Exelon (EXC) Could Be a Great Choice
While cash flow can come from bond interest or interest from other types of investments, income investors hone in on dividends. A dividend is that coveted distribution of a company's earnings paid out to shareholders, and investors often view it by its dividend yield, a metric that measures the dividend as a percent of the current stock price. Many academic studies show that dividends make up large portions of long-term returns, and in many cases, dividend contributions surpass one-third of total returns.
Exelon (EXC) is headquartered in Chicago, and is in the Utilities sector. The stock has seen a price change of 13.18% since the start of the year. The energy company is currently shelling out a dividend of $0.4 per share, with a dividend yield of 3.76%. This compares to the Utility - Electric Power industry's yield of 3.27% and the S&P 500's yield of 1.62%.
Taking a look at the company's dividend growth, its current annualized dividend of $1.60 is up 5.3% from last year. Exelon has increased its dividend 3 times on a year-over-year basis over the last 5 years for an average annual increase of 0.01%. Looking ahead, future dividend growth will be dependent on earnings growth and payout ratio, which is the proportion of a company's annual earnings per share that it pays out as a dividend. Right now, Exelon's payout ratio is 58%, which means it paid out 58% of its trailing 12-month EPS as dividend.
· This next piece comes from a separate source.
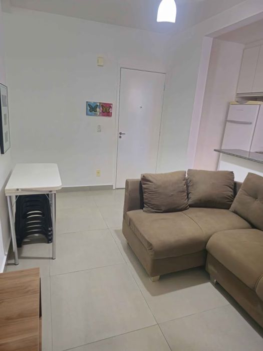 A unidade possui uma área privativa de 53 m², distribuída de forma funcional para otimização dos espaços. A planta compreende dois dormitórios, sendo uma suíte, sala de estar, banheiro social e uma vaga de garagem vinculada. O acabamento e o mobiliário conferem ao imóvel um perfil executivo e moderno.
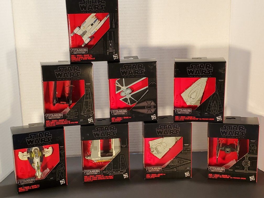 I have the following STAR WARS Black Series-Titanium Series Helmut's and Star Ships for sale; HELMUTS: #01-Kylo Ren & Poe Dameron. #02 - Captain Phasma & First Order Storm Trooper. #03 - Darth Vader & Storm Trooper. #05 - Finn (FN-2187) & First Order Tie Fighter Pilot. #06 - Imperial Death Trooper & Rebel Commando, (2 available). SHIPS: #03 - Kylo Ren's Command Shuttle. #06 - First Order Star Destroyer. #13 - First Order Tie Fighter. #24 - Star Destroyer. #27 - Jango Fett's Slave I. #29 - Rebel U-Wing Fighter. #30 - The Striker. #31 - Imperial Cargo Shuttle SW-0608. The collectibles are all brand new in the box. Asking $ 140.00, ($10 each) obo. Contact me for details about my location to see/purchase these items! Daniel

Earnings growth looks solid for EXC for this fiscal year. The Zacks Consensus Estimate for 2025 is $2.70 per share, representing a year-over-year earnings growth rate of 8%.
Investors like dividends for a variety of different reasons, from tax advantages and decreasing overall portfolio risk to considerably improving stock investing profits. It's important to keep in mind that not all companies provide a quarterly payout.
Big, established firms that have more secure profits are often seen as the best dividend options, but it's fairly uncommon to see high-growth businesses or tech start-ups offer their stockholders a dividend. Income investors must be conscious of the fact that high-yielding stocks tend to struggle during periods of rising interest rates. That said, they can take comfort from the fact that EXC is not only an attractive dividend play, but also represents a compelling investment opportunity with a Zacks Rank of #2 (Buy).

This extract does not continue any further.